### Assignment
Output nothing except the lines from the one containing "Kawa ziarnista jakości" through the final line of the data, both included, typed exactly, minus the pictures.

### Provided material
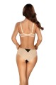Innowacyjny biustonosz został zaprojektowany z myślą o kobietach ceniących głęboki dekolt i efektowne podkreślenie biustu. Wyjątkowo profilowane usztywniane miseczki typu push-up w kolorze beżowym, umieszczone na fiszbinach, doskonale modelują biust, zbierając go ku środkowi i tworząc pełniejszy dekolt. Biustonosz jest wyposażony w regulowane ramiączaka, co podkreśla jego wszechstronność. Z tyłu znajduje się smukłe zapięcie na dwurzędowe haftki z trzystopniową regulacją.
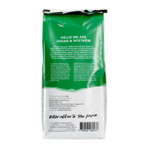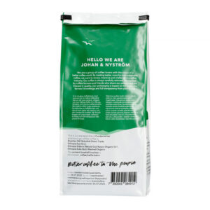 Kawa ziarnista jakości specialty pochodząca z Etiopii i Brazylii, wypalona w szwedzkiej palarni Johan & Nyström. Palona w jasnym stopniu, sprawdzi się do ekspresu przelewowego, dripa, Chemexa, AeroPressa, French Pressa i innych alternatywnych metod parzenia. W filiżance można wyczuć nuty mlecznej czekolady, jagód i słodkich owoców.
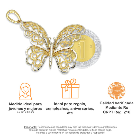 MR14DJ051 Dije Oro Sólido 14K Mariposa Grande 3.2 cm x 4.2 cm

### Answer box
 Kawa ziarnista jakości specialty pochodząca z Etiopii i Brazylii, wypalona w szwedzkiej palarni Johan & Nyström. Palona w jasnym stopniu, sprawdzi się do ekspresu przelewowego, dripa, Chemexa, AeroPressa, French Pressa i innych alternatywnych metod parzenia. W filiżance można wyczuć nuty mlecznej czekolady, jagód i słodkich owoców.
 MR14DJ051 Dije Oro Sólido 14K Mariposa Grande 3.2 cm x 4.2 cm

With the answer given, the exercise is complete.